L'odierna austera e significativa cerimonia della "imposizione delle Ceneri" segna l'inizio di questo cammino spirituale, che ci porta a rivivere, con fervore d'animo e coerenza di vita, il mistero della Pasqua.

La Quaresima è dunque tempo di forte riflessione sulle Verità eterne e di fermi propositi di autentica conversione cristiana. Preparandoci a commemorare la Morte redentrice di Gesù e la sua Risurrezione, siamo stimolati a prendere più viva consapevolezza che la vita dell'uomo sulla terra è sempre una lotta contro il male, una lotta che passa per il cuore dell'uomo.

San Paolo, nella Lettera ai Romani, così descrive questa lotta interiore: "Io non riesco a capire neppure ciò che faccio: infatti non quello che voglio io faccio, ma quello che detesto... C'è in me il desiderio del bene, ma non la capacità di attuarlo; infatti io non compio il bene che voglio, ma il male che non voglio" (
Rm 7,15 Rm 7,18-19).
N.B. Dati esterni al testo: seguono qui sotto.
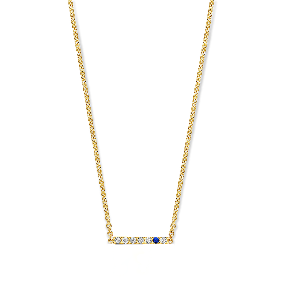De ketting Diamondbar Milestone is vervaardigd uit 14 karaats goud en heeft een staafvormig element dat tussen de ketting is verwerkt, pavé bezet met zes witte diamanten en één geboortesteen naar keuze.

E' l'esperienza di ciascuno di noi! Solo Cristo, il Redentore, può sottrarci alla sconfitta, dandoci le armi della vittoria, che lo stesso Apostolo addita nella Lettera agli Efesini: "Prendete perciò l'armatura di Dio, perché possiate resistere nel giorno malvagio e restare in piedi dopo aver superato tutte le prove" (cfr. Ep 6,11-16).


2. Quanto san Paolo scrive trova nella realtà dei nostri giorni un'ulteriore conferma. Certi tristi avvenimenti della cronaca contemporanea fanno riflettere e preoccupano. Essi sono il frutto di intime decisioni dell'uomo, scaturite nel contesto di quella lotta tra il bene e il male che si svolge nella profondità di ogni coscienza, ma che si manifesta anche nei rapporti tra gli uomini. Il bene, come il male, sono "contagiosi": si moltiplicano e si diffondono, producendo "strutture di bene" e "strutture di peccato", che influiscono sulla vita degli uomini. E' anche su tali "strutture" che dobbiamo portare la nostra vigile e operosa attenzione. Ma tutto parte dal cuore; è soprattutto qui che si realizza la "conversione" a cui siamo chiamati in questo tempo di preghiera, di digiuno, di penitenza.
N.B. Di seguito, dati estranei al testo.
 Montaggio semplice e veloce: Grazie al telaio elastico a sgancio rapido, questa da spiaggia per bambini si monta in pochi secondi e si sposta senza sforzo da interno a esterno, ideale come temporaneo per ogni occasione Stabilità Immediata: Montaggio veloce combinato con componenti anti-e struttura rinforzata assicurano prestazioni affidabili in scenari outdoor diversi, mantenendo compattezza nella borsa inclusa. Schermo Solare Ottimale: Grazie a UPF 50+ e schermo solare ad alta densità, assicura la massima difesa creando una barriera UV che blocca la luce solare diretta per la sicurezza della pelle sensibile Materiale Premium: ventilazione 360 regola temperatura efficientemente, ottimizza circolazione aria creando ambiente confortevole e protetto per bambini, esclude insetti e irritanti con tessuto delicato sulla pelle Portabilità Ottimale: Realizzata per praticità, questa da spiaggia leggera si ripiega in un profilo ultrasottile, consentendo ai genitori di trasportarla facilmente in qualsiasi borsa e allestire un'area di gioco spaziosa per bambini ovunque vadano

3. La Quaresima invita i credenti a prendere sul serio l'ammonizione di Gesù: "Entrate per la porta stretta, perché larga è la porta e spaziosa la via che conduce alla perdizione e molti sono quelli che entrano per essa" (Mt 7,13).
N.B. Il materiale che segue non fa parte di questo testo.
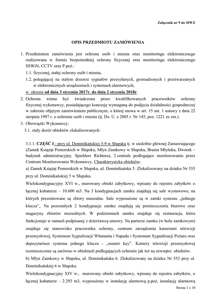 Załącznik nr 9 do SIWZ OPIS PRZEDMIOTU ZAMÓWIENIA 1. Przedmiotem zamówienia jest ochrona osób i mienia oraz monitoringu elektronicznego realizowana w formie bezpośredniej ochrony fizycznej oraz monitoringu elektronicznego SSWiN, CCTV oraz P.poż.: 1.1. fizycznej, stałej ochrony osób i mienia, 1.2. polegającej na stałym dozorze sygnałów przesyłanych, gromadzonych i przetwarzanych w elektronicznych urządzeniach i systemach alarmowych, w okresie od dnia 3 stycznia 2017r. do dnia 2 stycznia 2018r. 2. Ochrona winna być świadczona przez kwalifikowanych pracowników ochrony fizycznej wykonawcy, posiadającego koncesję wymaganą do podjęcia działalności gospodarczej w zakresie objętym zamówieniem publicznym, o której mowa w art. 15 ust. 1 ustawy z dnia 22 sierpnia 1997 r. o ochronie osób i mienia (tj. Dz. U. z 2005 r. Nr 145, poz. 1221 ze zm.). 3. Obowiązki Wykonawcy: 3.1. stały dozór obiektów zlokalizowanych: 3.1.1. CZĘŚĆ I - przy ul. Dominikańskiej 5-9 w Słupsku tj. w siedzibie głównej Zamawiającego (Zamek Książąt Pomorskich w Słupsku, Młyn Zamkowy w Słupsku, Brama Młyńska, Dworek – budynek administracyjny, Spichlerz Richtera), 2 centrale podlegające monitorowaniu przez Centrum Monitorowania Wykonawcy. Charakterystyka obiektów: a) Zamek Książąt Pomorskich w Słupsku, ul. Dominikańska 5. Zlokalizowany na działce Nr 555 przy ul. Dominikańskiej 5 w Słupsku. Wielokondygnacyjny XVI w., murowany obiekt zabytkowy, wpisany do rejestru zabytków o łącznej kubaturze – 10.600 m3. Na 3 kondygnacjach zamku znajdują się sale wystawowe, na których prezentowane są zbiory muzealne. Sale wyposażone są w zamki systemu „jednego klucza”,. Na pozostałych 2 kondygnacje zamku znajdują się pomieszczenia biurowe oraz magazyny zbiorów muzealnych. W podziemiach zamku znajduje się restauracja, która funkcjonuje w ramach podpisanej z dzierżawcą umowy. Na parterze zamku (w holu zamkowym) znajduje się stanowisko pracownika ochrony, centrum zarządzania kamerami telewizji przemysłowej, Systemem Sygnalizacji Włamania i Napadu i Systemem Sygnalizacji Pożaru oraz depozytariusz systemu jednego klucza - „master key”. Kamery telewizji przemysłowej rozmieszczone są zarówno w obiektach podlegających ochronie jak też na zewnątrz obiektów. b) Młyn Zamkowy w Słupsku, ul. Dominikańska 6. Zlokalizowany na działce Nr 553 przy ul. Dominikańskiej 6 w Słupsku. Wielokondygnacyjny XIV w., murowany obiekt zabytkowy, wpisany do rejestru zabytków, o łącznej kubaturze – 2.293 m3, wyposażony w instalację alarmową p.poż, instalację alarmową Strona 1 z 10 antywłamaniową, kamery telewizji przemysłowej. Wszystkie pomieszczenia magazynowe, sale wystawowe oraz pomieszczenia biurowe wyposażone zostały w zamki systemu jednego klucza. Na 3 kondygnacjach młyna, w salach wystawowych eksponowane są zbiory muzealne. Na ostatniej kondygnacji znajdują się magazyny muzealiów. W budynku młyna wydzielone zostały również pomieszczenia biurowe. c) Spichlerz Richtera. Zlokalizowany na działce Nr 180 przy Rynku Rybackim Nr 1 w Słupsku. Wielokondygnacyjny, XIX w. obiekt zabytkowy, o konstrukcji szachulcowej i kubaturze 3.225 m3, wpisany do rejestru zabytków, wyposażony w instalację alarmową p.poż, instalację alarmową antywłamaniową. Wszystkie pomieszczenia magazynowe oraz pomieszczenia biurowe wyposażone zostały w zamki systemu jednego klucza. Na 3 kondygnacjach w budynku spichlerza znajdują się pomieszczenia biurowe oraz pomieszczenia magazynowe zbiorów muzealnych. W części parterowej spichlerza wydzielono część pomieszczenia z przeznaczeniem na herbaciarnię, która funkcjonuje w ramach podpisanej z dzierżawcą umowy. Również to pomieszczenie posiada instalacje alarmową p.poż. oraz antywłamaniową. d) Brama Młyńska, ul. Dominikańska 8. Zlokalizowana na działce nr 181/1 przy Rynku Rybackim w Słupsku. Wielokondygnacyjny XVIw., murowany obiekt zabytkowy, wpisany do rejestru zabytków o łącznej kubaturze 1.670 m3, wyposażony w instalację alarmową p.poż, instalację alarmową antywłamaniową. Pomieszczenia budynku wyposażone zostały również w zamki systemu jednego klucza. Na 4 kondygnacjach w budynku bramy zlokalizowane zostały pomieszczenia Działu Konserwatorskiego. e) Budynek administracyjny – Dworek. Zlokalizowany na działce Nr 179 przy Rynku Rybackim w Słupsku. Wielokondygnacyjny, pochodzący z przełomu XIX i XX w. murowany obiekt zabytkowy o łącznej kubaturze 1.060m3. W budynku znajdują się pomieszczenia biurowe oraz biblioteka z czytelnią. Budynek wyposażony jest w instalacją alarmową p.poż. oraz instalacje antywłamaniową. Pomieszczenia w budynku wyposażone zostały w zamki systemu jednego klucza. Teren określony w lit. a- e , na którym usytuowane są obiekty podlegające obowiązkowej ochronie, nie jest ogrodzony i zamknięty. Łączna powierzchnia terenu wynosi 6.667 m2 . W/w obiekty wyposażone w System Sygnalizacji Pożaru SAGITA, System Sygnalizacji Włamania i Napadu, System Telewizji Przemysłowej ze studiem monitoringu, kamerami wewnętrznymi i zewnętrznymi, System Nagłośnieniowo - Przywoławczy - BOSCH, Depozytor Kluczy – DPE 16. Strona 2 z 10 Wszystkie w/w obiekty (lit. a- e) MPŚ figurują w wykazie Wojewody Pomorskiego, obejmującym obiekty podlegające obowiązkowej ochronie. 3.1.2. CZĘŚĆ II – 3.1.2.1 w m. Swołowo Nr 8, 76-200 Słupsk , w Oddziale Muzeum Kultury Ludowej Pomorza w Swołowie i Młynie Zamkowym w Słupsku, oddalonej od Słupska ok. 16 km, 2 centrale podlegające monitorowaniu przez Centrum Monitorowania Wykonawcy. Charakterystyka obiektów: a) Chałupa - budynek o konstrukcji szachulcowej, częściowo murowany, bez podpiwniczenia. Liczba kondygnacji nadziemnych 3, kubatura 1.406,29 m3. b) Budynek stodoły- budynek o konstrukcji szachulcowej, częściowo podpiwniczony. Liczba kondygnacji nadziemnych 1, kubatura 2.908,47 m 3. c) Budynek obory- budyne

Qual è la "porta larga", quale la "via spaziosa" di cui parla Gesù? E' la porta dell'autonomia morale, è la via dell'orgoglio intellettuale; quanti, anche fra i cristiani, vivono nell'indifferenza adattandosi alla mentalità del mondo e cedendo alle lusinghe del peccato! La Quaresima è il tempo propizio per rivedere la propria esistenza, per riprendere con rinnovata volontà la partecipazione ai Sacramenti, per formulare più decisi propositi di vita nuova, accettando, come insegna Gesù, di passare per la porta stretta e per la via angusta, che conducono alla vita eterna (cfr. Mt 7,14).

Un impegno in tal senso deve essere assunto anche dalla famiglia cristiana in quanto tale, specialmente in questo anno particolarmente ad essa dedicato. Il Concilio la qualifica come piccola Chiesa, come "Chiesa domestica" (cfr. LG 11). In sintonia con tutta la Comunità ecclesiale, la famiglia è invitata a prepararsi alla Pasqua intensificando i momenti di preghiera, l'ascolto della Parola di Dio, l'impegno di una più forte comunione, l'apertura ai fratelli nella carità. Per questo ho voluto inviare a tutte le famiglie una Lettera, che sarà resa pubblica nei prossimi giorni. Mi auguro che essa possa trovare spazio e far del bene in tante famiglie. La riflessione su di essa potrebbe anzi costituire un impegno particolare per la preparazione alla Pasqua.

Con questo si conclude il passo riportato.